After the pandemic erupted in March, he put Oracle engineers to work developing a ‘therapeutic learning system’—a repository of real-world data to inform the work of the U.S. Department of Health and Human Services and affiliated healthcare organizations fighting COVID-19.

That project empowers researchers with aggregated data—not owned by Oracle—on treatment decisions with commercially available drugs, the outcomes of those treatments, and the results of ongoing monitoring of virus symptoms.

That database is contributing to studies now overseen by institutional review boards and research organizations who can determine when and where they publish findings.

Ellison began making changes in his foundation’s goals back in 2018, but the current crisis prompted another change in tack after two years of work, according to Recode.

Ellison’s coronavirus credentials have also been called into question by a New York Times story published in April reporting he was among the first to raise President Donald Trump’s hopes that the antimalarial drug hydroxychloroquine could be an effective treatment.

In a mid-March phone call, Ellison raised the potential for hydroxychloroquine--which is being experimented with, sometimes as part of a pharmacological cocktail--to treat patients stricken by the new disease.

Trump touted the drug for months despite no evidence of its effectiveness and concerns it could jeopardize the health of those with heart conditions.

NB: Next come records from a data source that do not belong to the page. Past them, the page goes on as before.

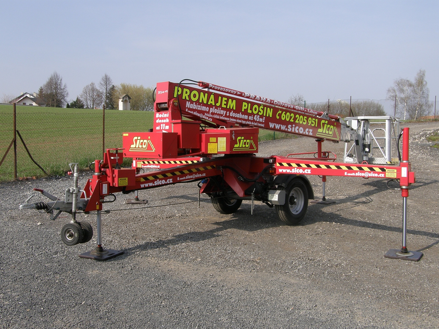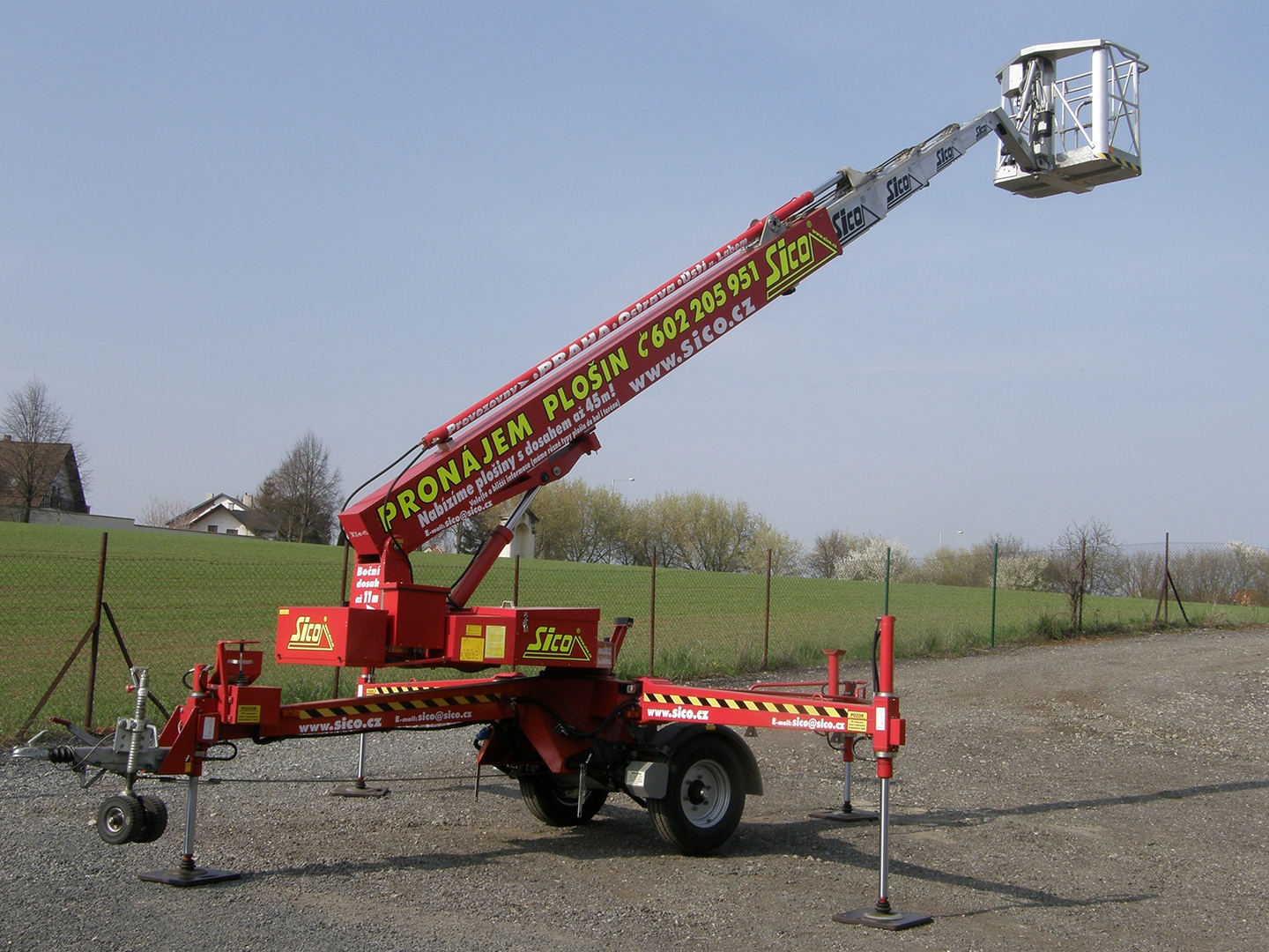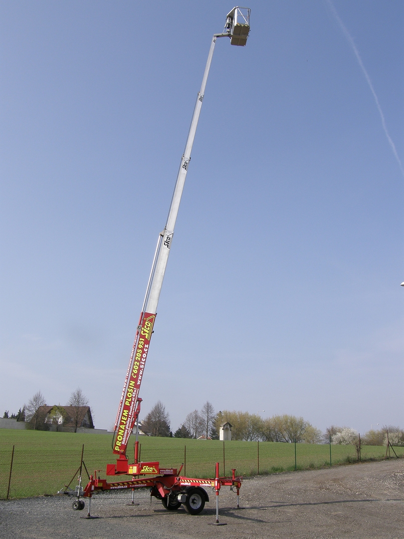 Telescopic boom, working height 25 meters, side reach 11,4 meters and a platform load capacity of 200 kilograms - this characterizes the Denka lift DK 25 trailer work platform.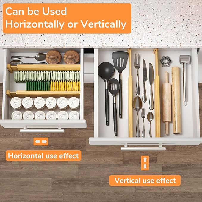 - No Need to Install: This kitchen drawer dividers have a built-in spring structure that eliminate the need for tedious installation steps; Simply push it gently and squeeze both sides inward, the pin comes off instantly and is ready for use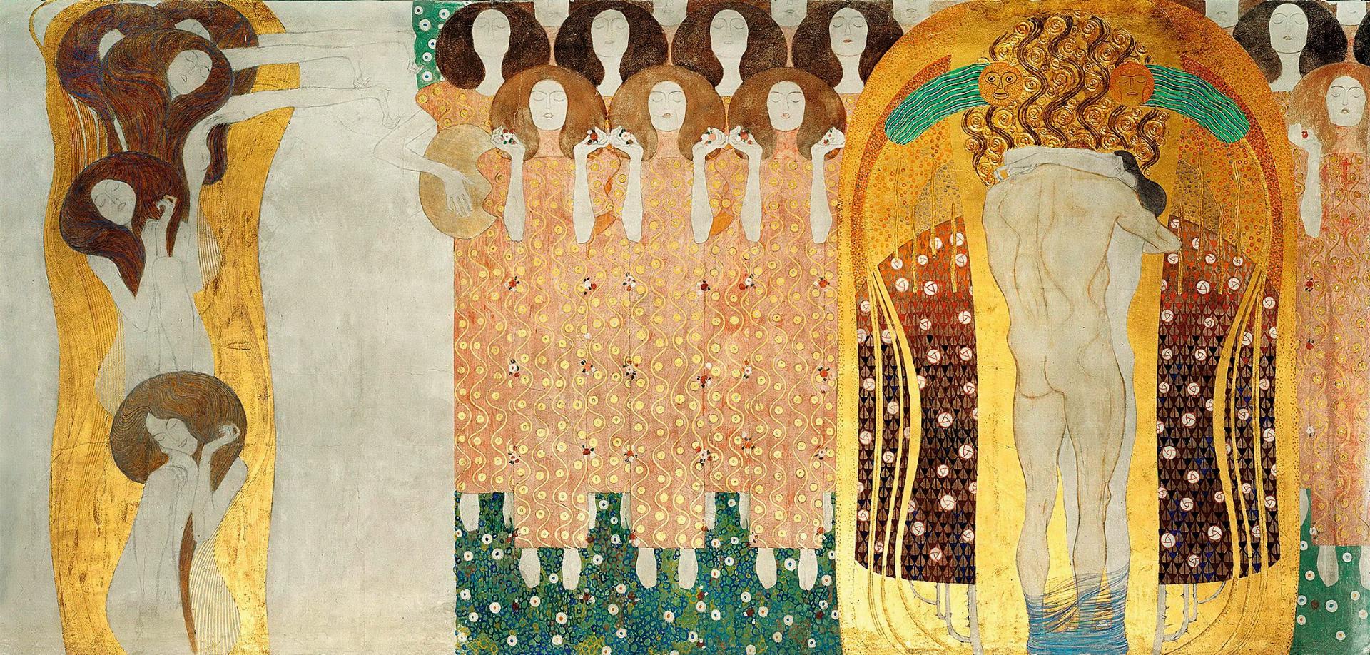 נמשיך לגלריית הזסציון, הבית של האמנות האלטרנטיבית שביטאה את היציאה מהאקדמיה. נתרשם ממבנה הגלריה הלבן בעל עיטורי הזהב בסגנון האר-נובו וניכנס אל הגלריה על מנת לראות את יצירתו של גוסטב קלימט, "האפריז של בטהובן". יצירה זו, מהמוקדמות של קלימט, מבקשת לבטא את הערכתו לגדולתה של הסימפוניה התשיעית של בטהובן ובעיקר לפרק הכוראל החותם אותה.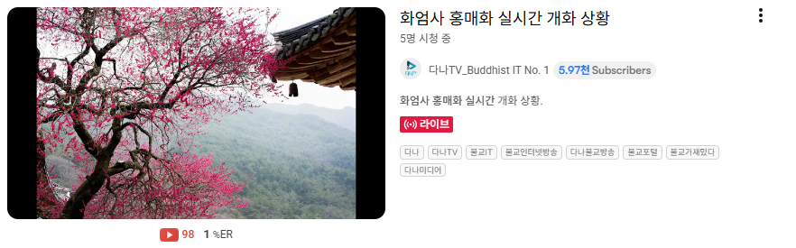 A. 화엄사 유튜브 실시간 (1번 참고) 을 통해 매일 아침 꽃 상태를 확인할 수 있습니다.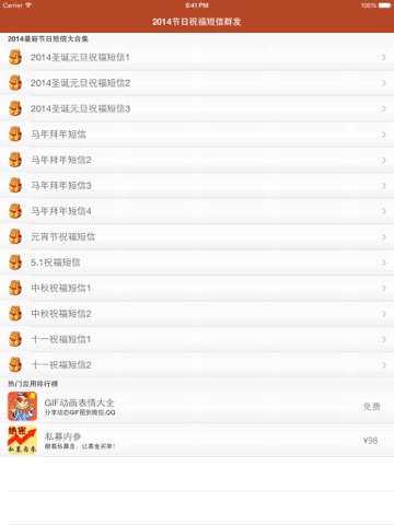 汇集最新数百条元旦、春节、五一、中秋、十一等节日的祝福短信, 可以在程序中直接作为短信, 群发给所有联系人或者指定联系人。
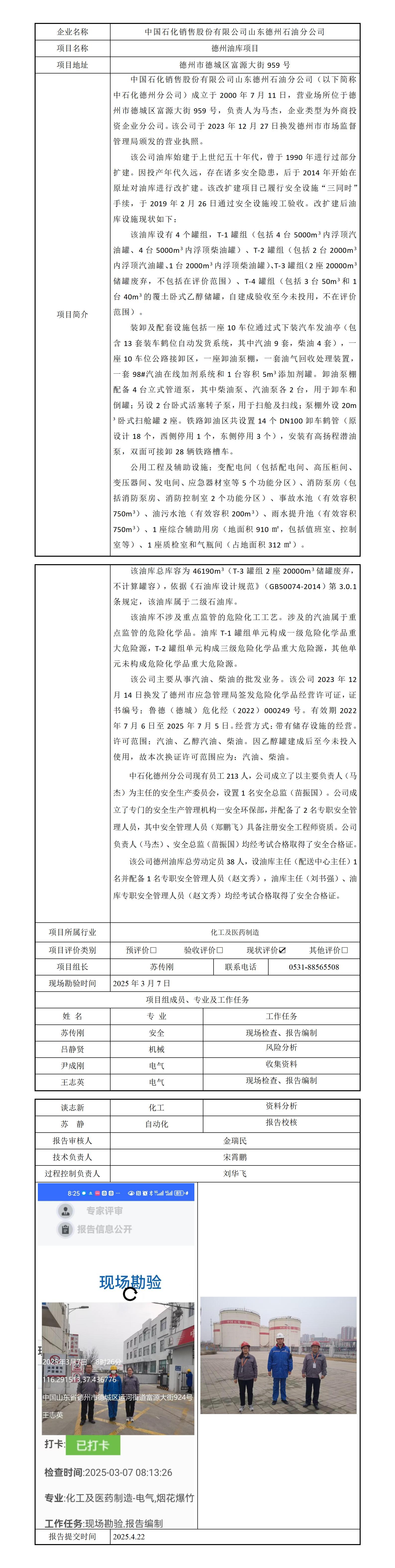 中国石化销售股份有限公司山东德州石油分公司安全评价报告信息公开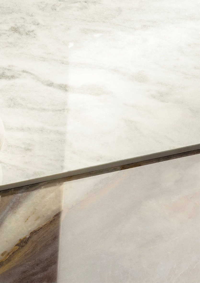 Large-size slabs combine maximum design freedom with great flexibility: while on the one hand the maxi-slab drastically reduces the amount of interruptions in the design unit, on the other hand the wide range of all submultiples guarantees great versatility for every need.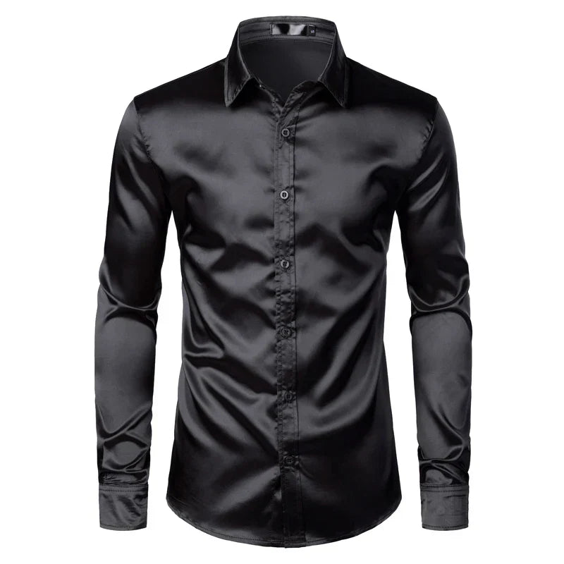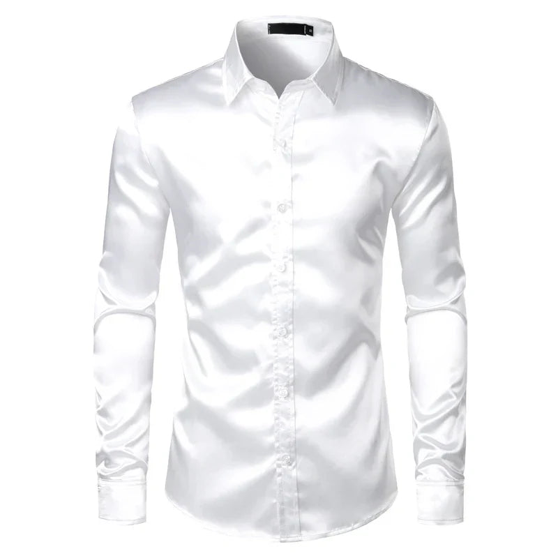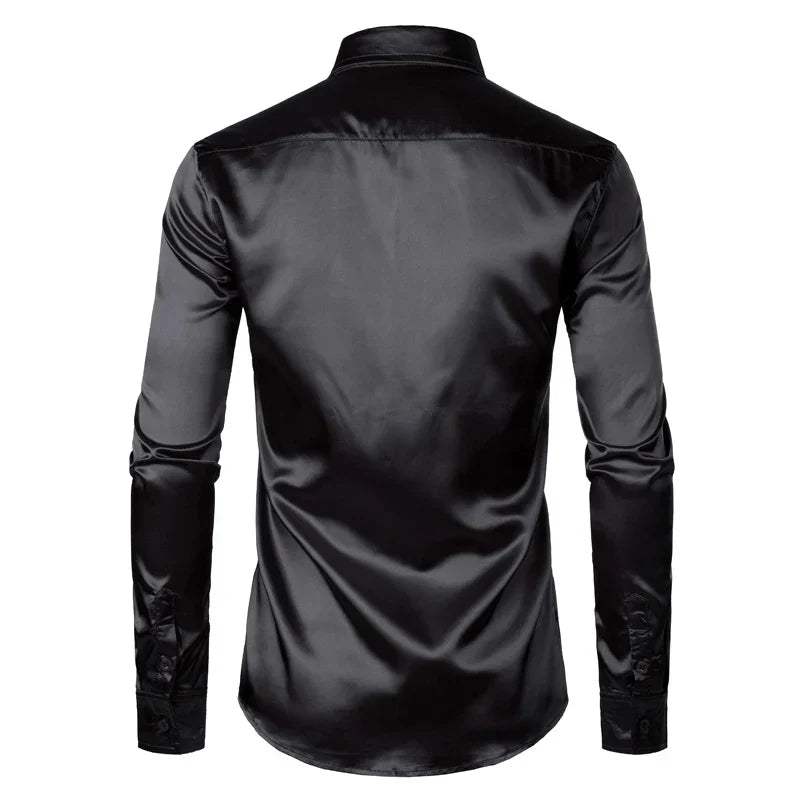 Men's Black Satin Luxury Dress Shirts Silk Smooth Men Tuxedo Shirt Slim Fit Wedding Party Prom Casual Shirt Chemise Homme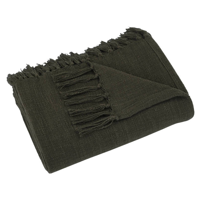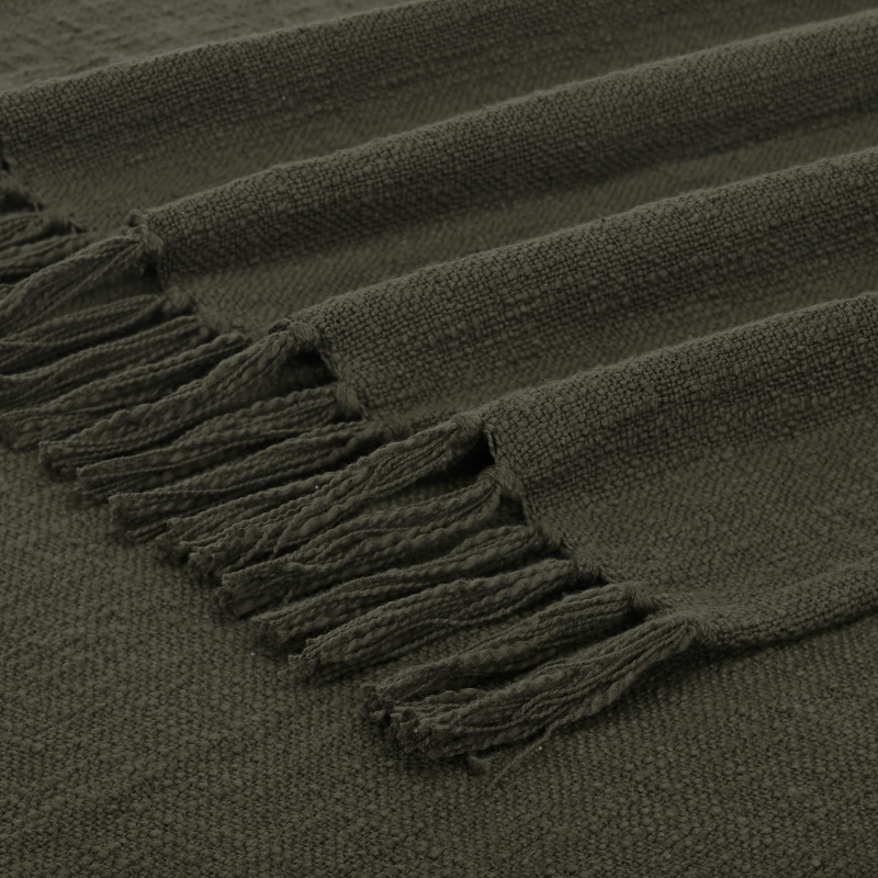 When it comes to bed throws or sofa throws, one should never sacrifice comfort for style. The Chalamet throw proves you can have both. Woven from 100% cotton, this olive-hued blanket features a luxurious texture and eye-catching fringed trim for visual interest. Even when it’s not in use, this accessory adds beauty and dimension to any space. Throw it casually over a sofa or lay it at the foot of a bed to create a stylish layered look. Once you discover the relaxed vibe and cozy feel of this blanket, you may want to pick one up for every room. Product Details: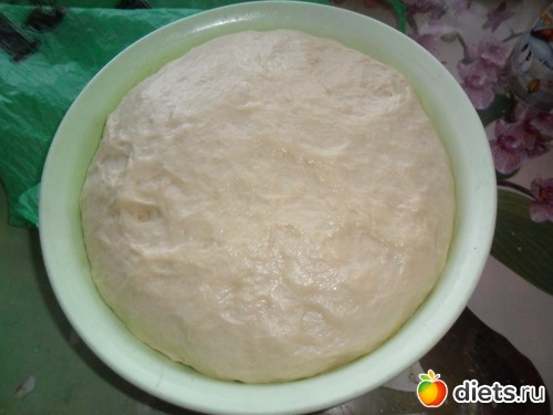 1. Дрожжи развести в теплом молоке, всыпать туда сахар и поставить в теплое место. Ждем, когда дрожжи дадут шапочку. Потом вливаем молоко в муку и отправляем туда же все остальные ингредиенты. Замешиваем мягкое тесто, накрываем полотенцем и ставим в теплое место для подъема. Когда тесто поднимется - обминаем его и ждем второго подъема: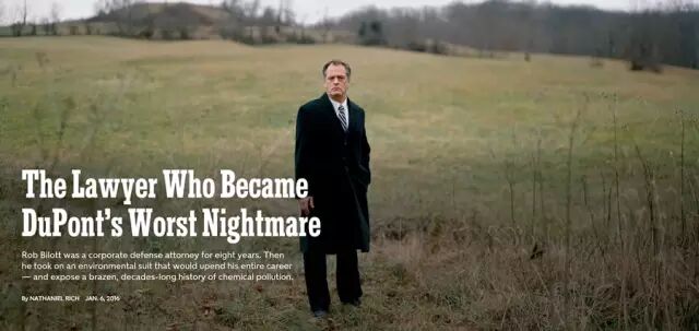 正好,前两天我在《纽约时报杂志》上看到一篇调查报道,讲的是美国一个普通的环境律师如何在监管和法规缺位的情况下,用16年的时间扳倒化工巨头杜邦的故事。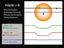 - 1 2 3 Holman, M. J.; et al. (2010). "Kepler-9: A System of Multiple Planets Transiting a Sun-Like Star, Confirmed by Timing Variations" (PDF). Science. 330 (6000): 51–54. Bibcode:2010Sci...330...51H. doi:10.1126/science.1195778. PMID 20798283. S2CID 8141085.
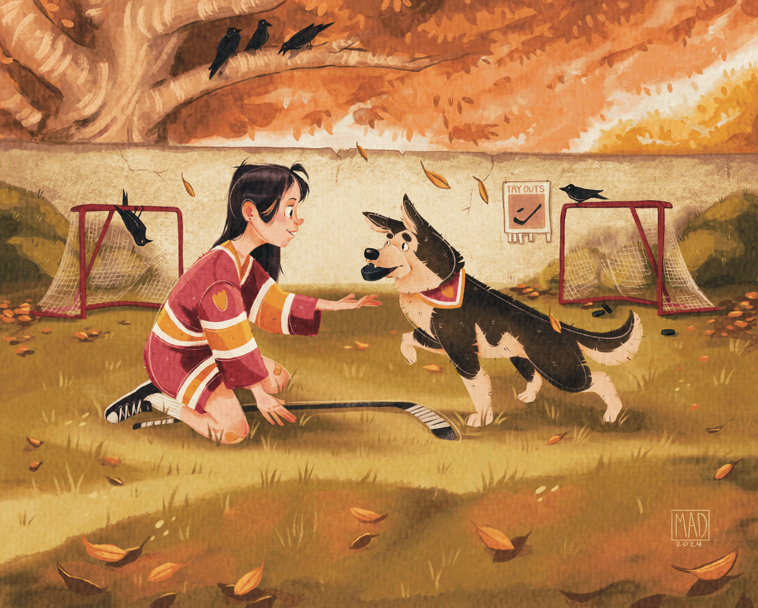 A story about practice, perseverance, and cooperation. Little Tori practices for the girl’s hockey team tryouts but her teammate, Deke the Husky, doesn’t want give up the puck!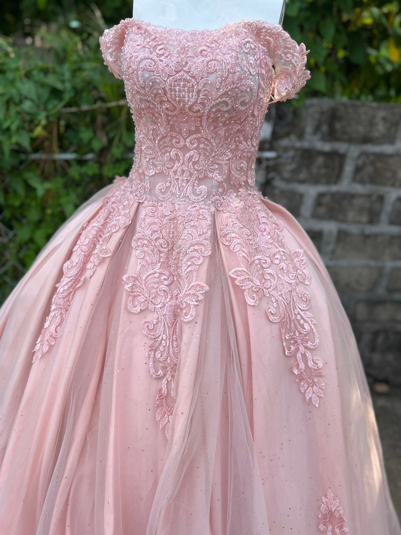 Pink Off Shoulder Gown, Women's Fashion, Clothes, Dresses & Skirts on Carousell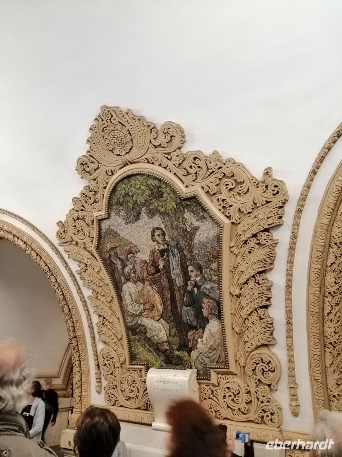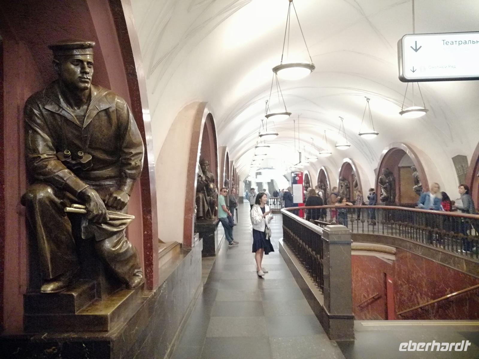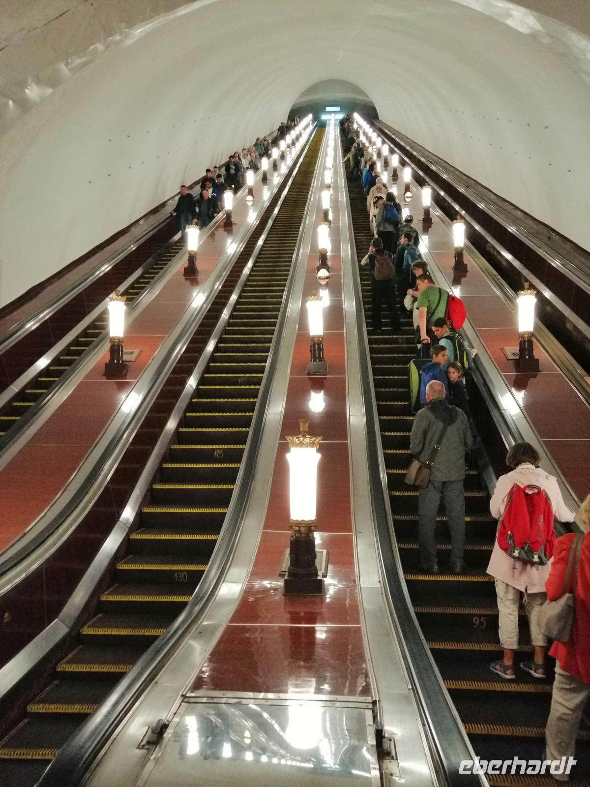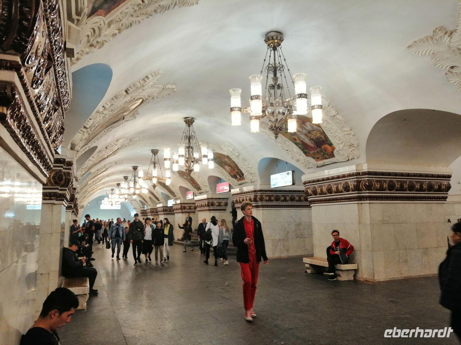 Danach starteten wir unsere Metro-Tour. Begonnen haben wir vor dem großen Metro-Schema, gleich am Eingang in die Moskauer U-Bahn Teatralnaja, wo uns Valeria zuerst über die Eckdaten der Metro informierte. Danach zeigte uns Valeria nur einige der schönsten U-Bahnstationen der Moskauer Metro: Platz der Oktoberrevolution, Komsomolskaja, Arbatskaja, Novoslobodskaja, Kiewskaja (radial und ring), Lenin-Bibliothek.

During one White House Coronavirus Task Force briefing in April, Trump urged patients multiple times to ask their doctors to prescribe the unproven therapy--even asking, “what do you have to lose?”

A study recently published in Clinical Microbiology and Infection, the official journal of the European Society of Clinical Microbiology and Infectious Diseases (ESCMID), showed no evidence of lower mortality rates in COVID-19 patients taking hydroxychloroquine, and a 27 percent surge in mortality for those who combined it with the antibiotic azithromycin.